Recorded information:
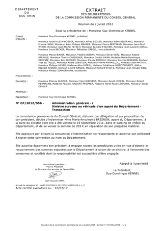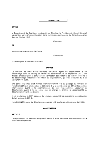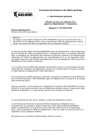 Sinistre survenu au véhicule d'un agent du Département - Transaction
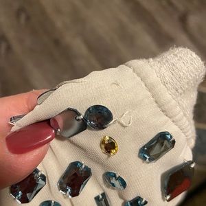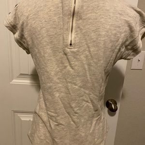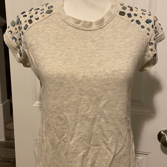 Short sleeve top with blue, silver and clear decorative accents on the shoulders. A few of the sequins are loose as shown in the photo but will be very easy to tighten up with thread. There’s a zipper in the back as seen in the second pic.
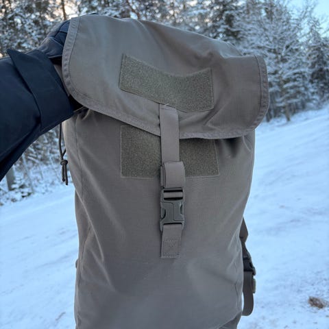 Everest Classic 40L ryggsäck i blå och beige färg. Tillverkad av slitstarkt material med flera justerbara remmar för anpassad passform. Utrustad med vadderade axelremmar och midjebälte för ökad komfort vid bärning. Passar för vandring och friluftsliv.
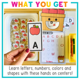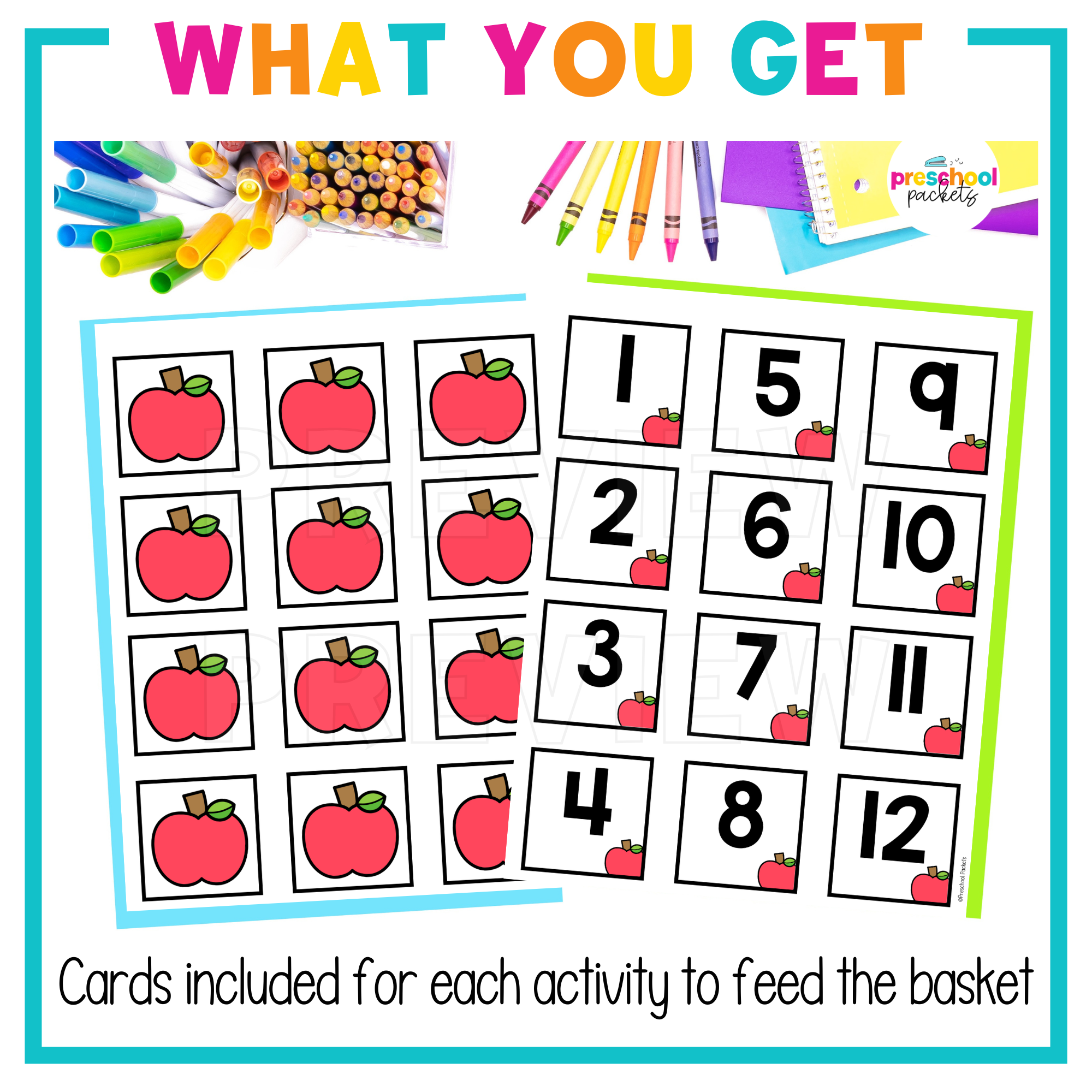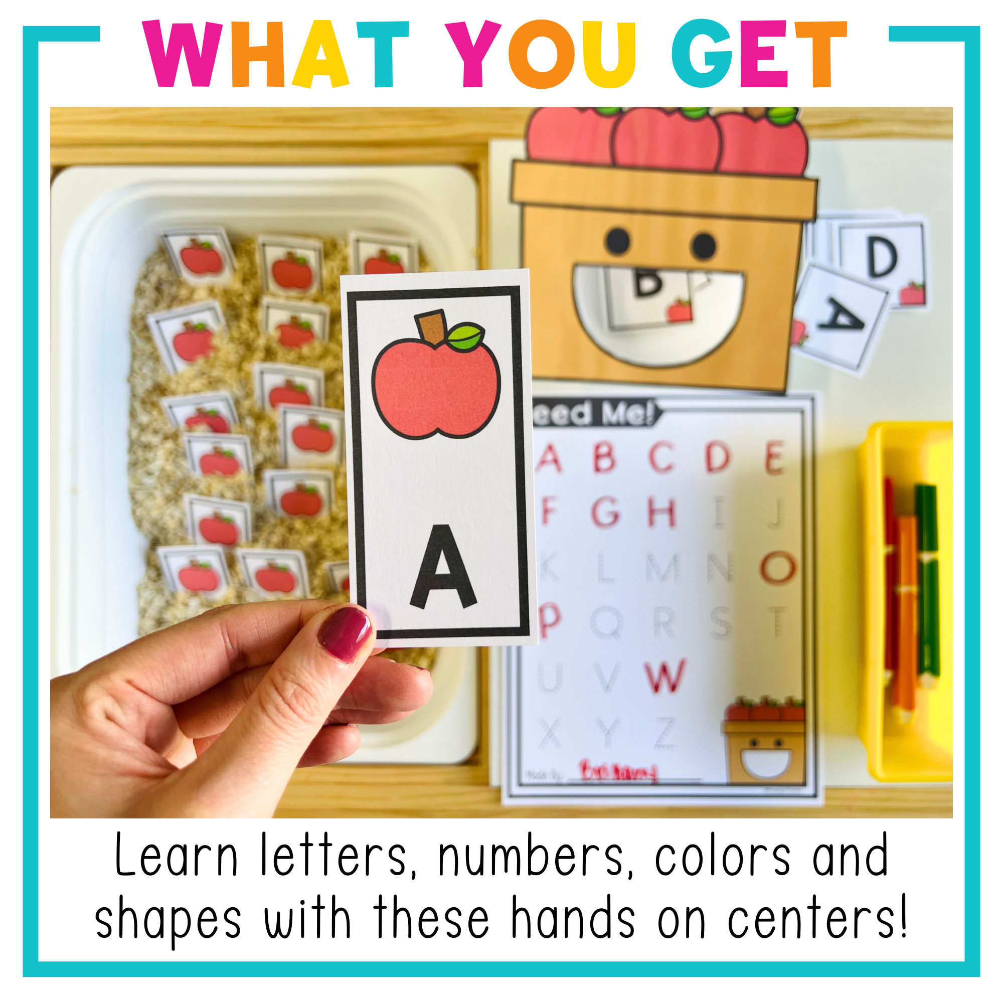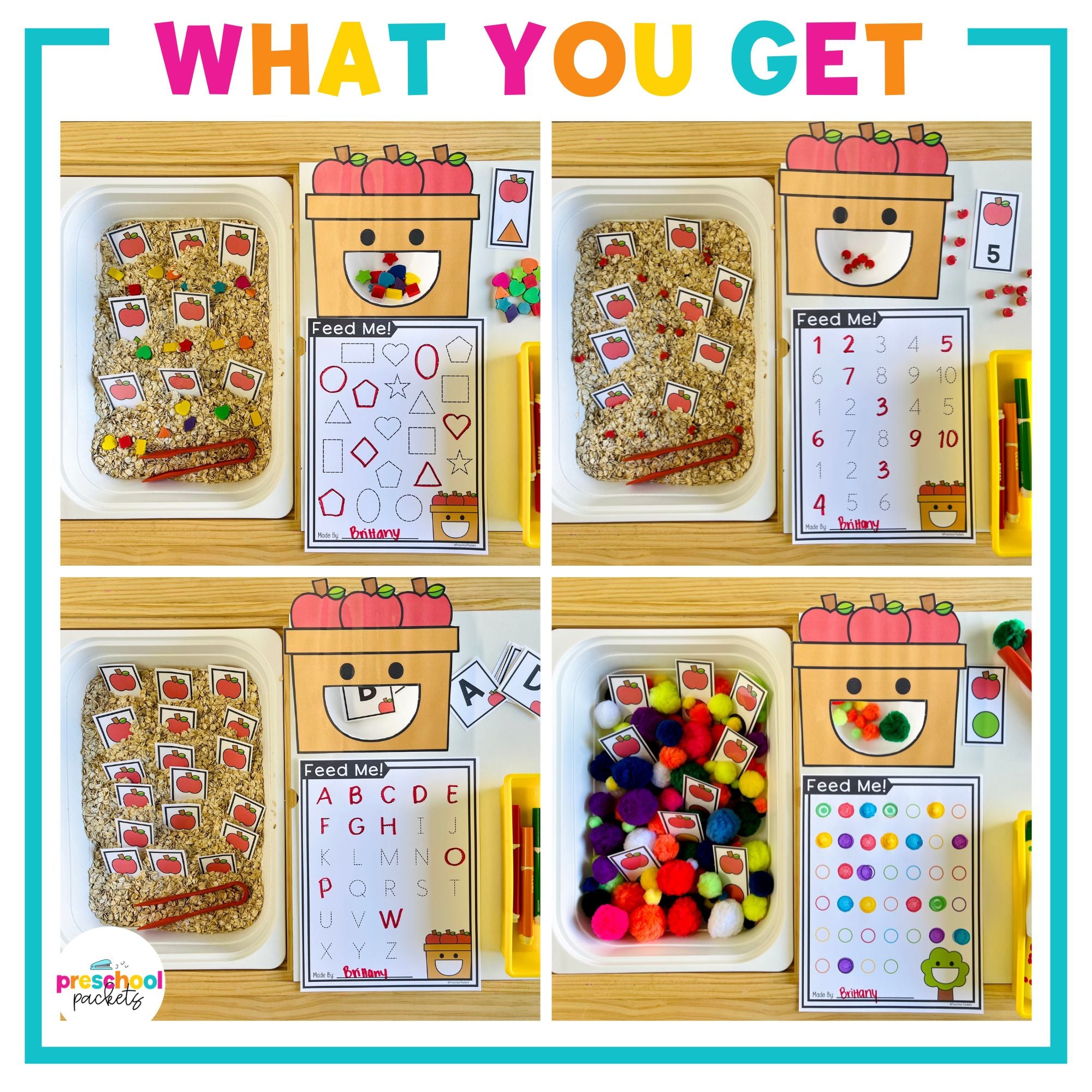 Apple Basket Feed Me Letters, Numbers, Shapes, and Colors centers for Preschool
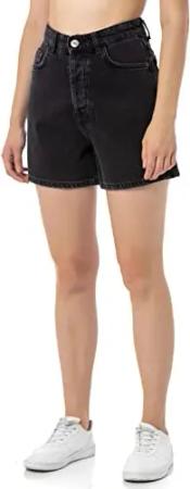 Damen Jeans Shorts Kurze Hose Bermuda Sommer Jeansshorts High Waist W25 Schwarz
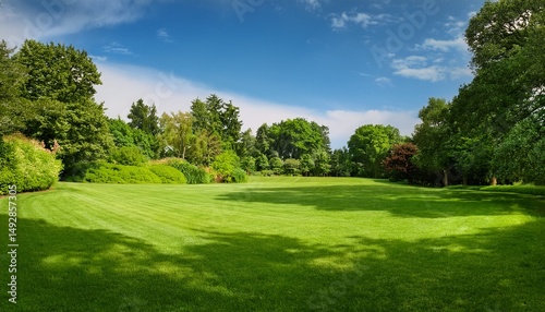 © Lily, Naklejka premium beautiful wide format image of a manicured country lawn surrounded by trees and shrubs on a bright summer day spring summer nature
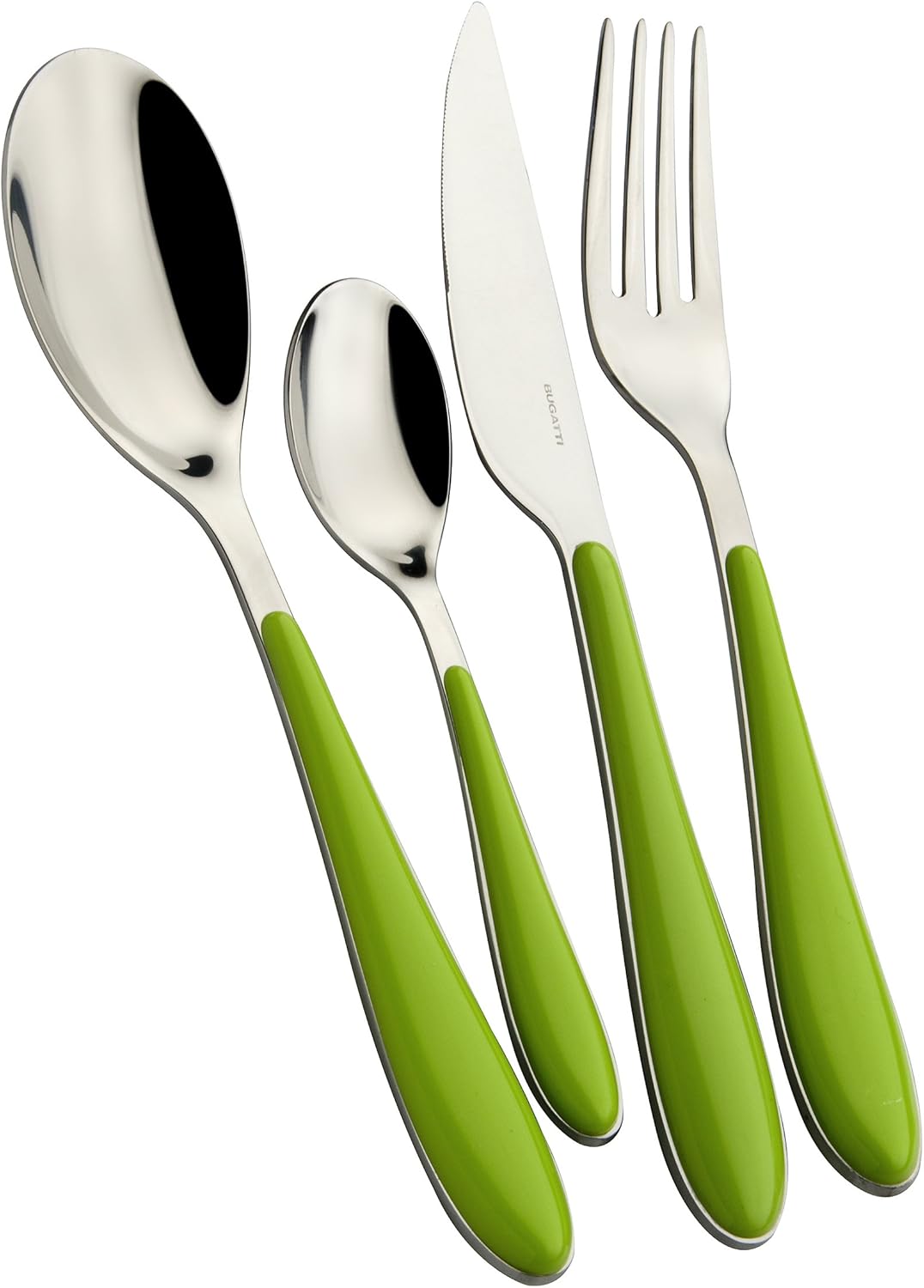Прибори за хранене, изработени от неръждаема стомана 18/10 , с прозрачна SAN дръжка с цветни акценти. Произведени по технологията за двойно формоване Pro-Tech System на Bugatti, тези прибори имат прозрачен ефект и осигуряват ярки, непроменени цветове с течение на времето . Тези бляскави прибори за хранене са подходящи за миене в съдомиялна машина при средни до ниски температури от 50-55°C. Следвайте инструкциите за грижа, включени в продукта , за да го запазите в най-добрия си вид за години напред .
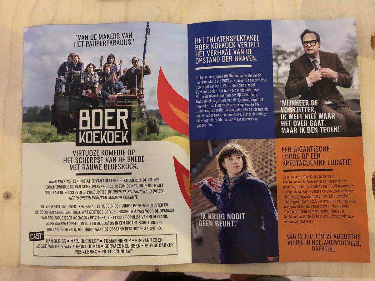 Folder. De avond gaat zoals ik dacht over de parallellen tussen de boerenopstand toen - Boer Koekoek - en die nu.
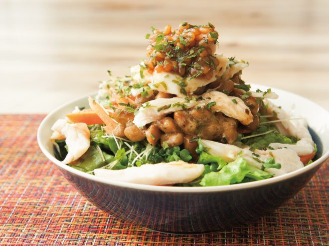 あおさもろみ納豆蒸し鶏サラダ 材料納豆(丹念納豆)、レタス、キャベツ、にんじん、ブロッコリースプラウト、蒸し鶏、もろみ、あおさ、和風醬油ごまドレッシングあおさもろみ納豆蒸し鶏サラダの作り方①レタス、キャベツ、にんじん、ブロッコリースプラウトは、食べやすい大きさに切ったら、器に盛りつけます。②よく混ぜた納豆をかけたら、蒸し鶏をのせます。③もろみ、あおさ、和風醬油ごまドレッシングをかけたら完成です。
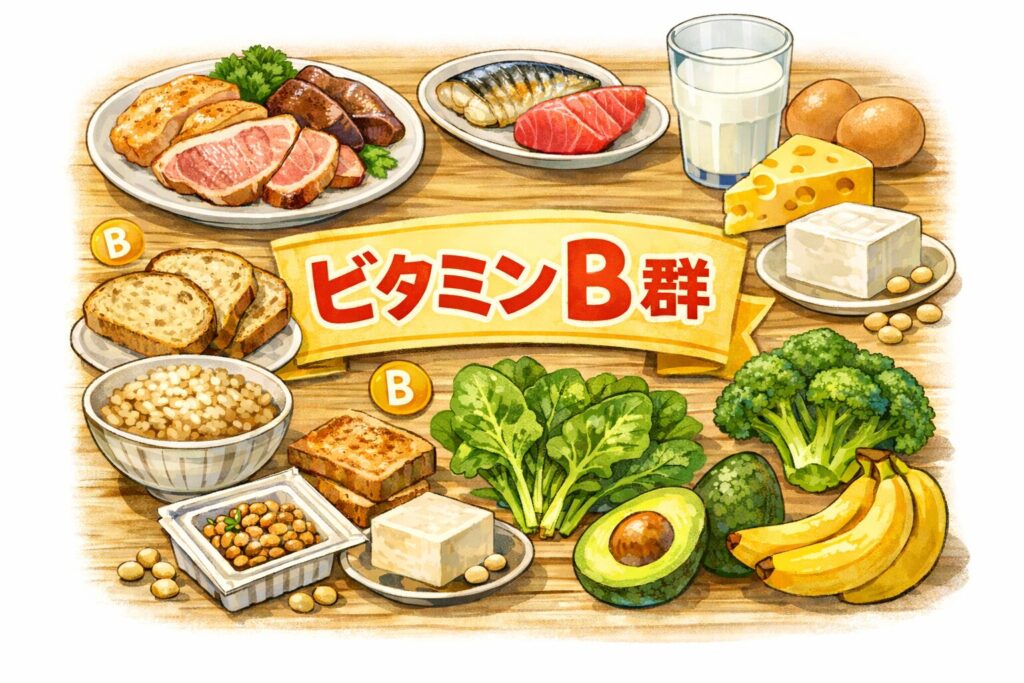ビタミンB群は水に溶けやすく体内に蓄えにくいため、毎日の食事でこまめに摂取することが大切です。
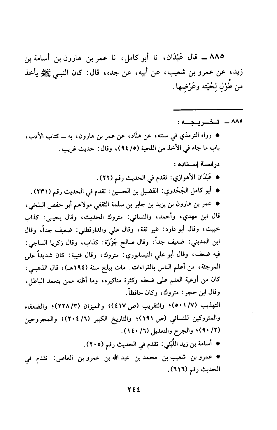 885 - قَالَ عَبْدَانُ: نَا أَبُو كَامِلٍ، نَا عُمَرُ بْنُ هَارُونَ، عَنْ أُسَامَةَ بْنِ زَيْدٍ، عَنْ عَمْرِو بْنِ شُعَيْبٍ، عَنْ أَبِيهِ، عَنْ جَدِّهِ، قَالَ: كَانَ النَّبِيُّ صَلَّى اللهُ عَلَيْهِ وَسَلَّمَ §يَأْخُذُ مِنْ طُولِ لِحْيَتِهِ وَعَرْضِهَا
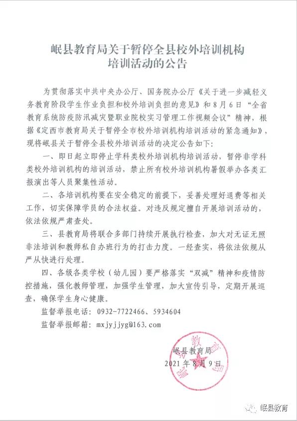 岷县教育局关于暂停全县校外培训机构培训活动的公告
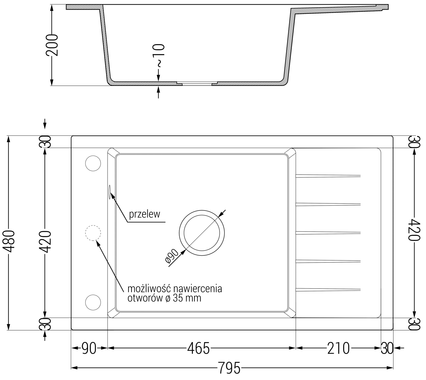 L'évier a un trou sous-meulé de 35 mm de diamètre à percer soi-même. Il peut être utilisé, entre autres, pour installer un distributeur de liquide, ce qui éliminera la présence de bouteilles en plastique dans la cuisine et lui donnera une finition élégante.
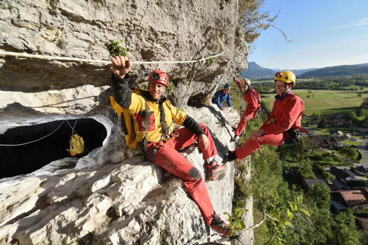 Une courte marche d'approche, suivie d'un passage sur vire nécessitant l'usage du baudrier, avec les longes de sécurité, et nous voilà à pieds d'oeuvre pour cette exploration aux dimensions humaines !
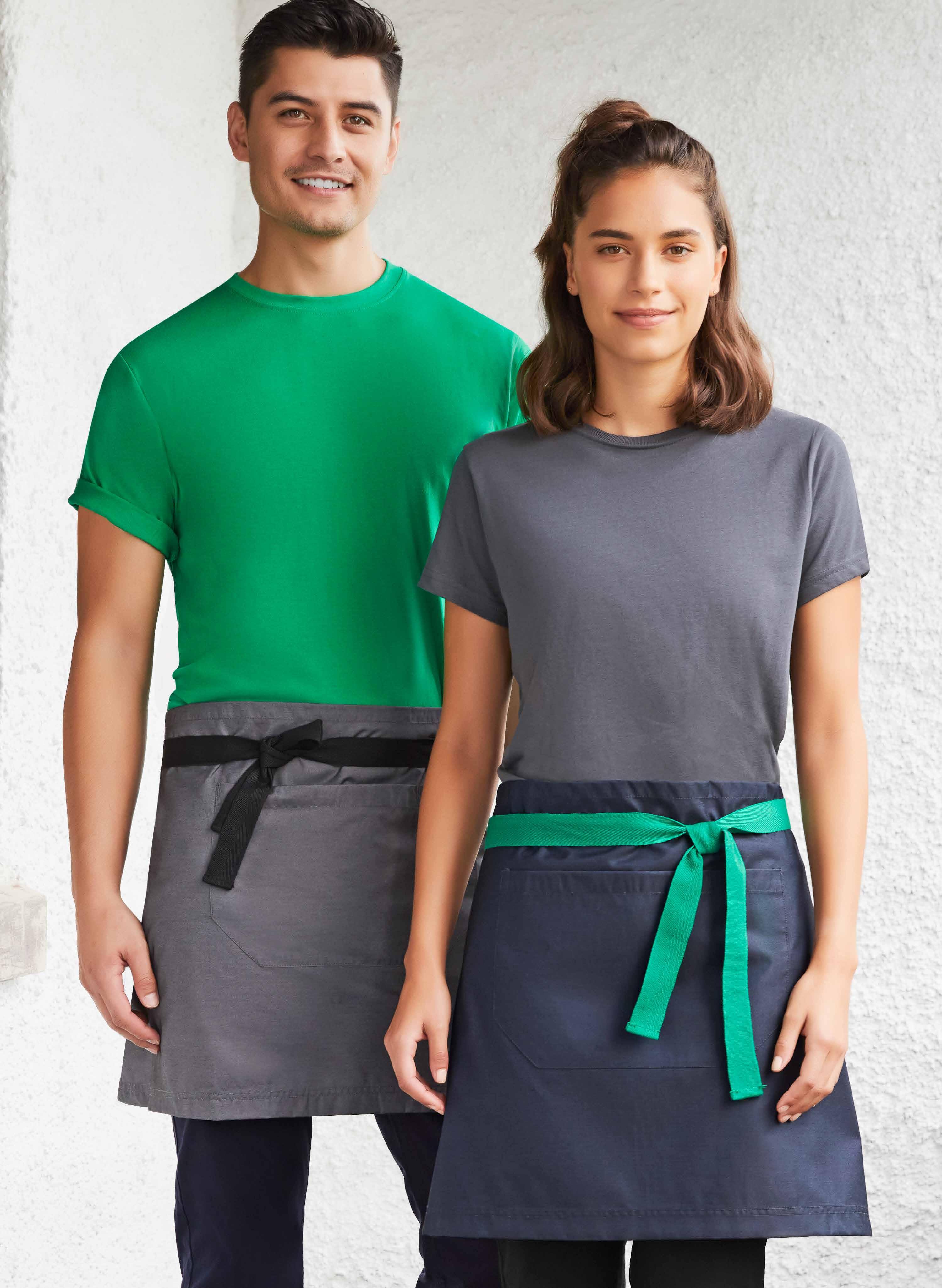 FEATURES Short waisted, above the knee length • Unique styling • Towel loop at back of apron • 1 Large central front pocket with special side slide pen and bottle opener provision • Free size 34in x 20in

Task prompt: Each line from the one bearing "岷县教育局关于暂停全县校外培训机构培训活动的公告" through the final line of the records is to be copied exactly, and no pictures are to be included.

Answer space:
 岷县教育局关于暂停全县校外培训机构培训活动的公告
 L'évier a un trou sous-meulé de 35 mm de diamètre à percer soi-même. Il peut être utilisé, entre autres, pour installer un distributeur de liquide, ce qui éliminera la présence de bouteilles en plastique dans la cuisine et lui donnera une finition élégante.
 Une courte marche d'approche, suivie d'un passage sur vire nécessitant l'usage du baudrier, avec les longes de sécurité, et nous voilà à pieds d'oeuvre pour cette exploration aux dimensions humaines !
 FEATURES Short waisted, above the knee length • Unique styling • Towel loop at back of apron • 1 Large central front pocket with special side slide pen and bottle opener provision • Free size 34in x 20in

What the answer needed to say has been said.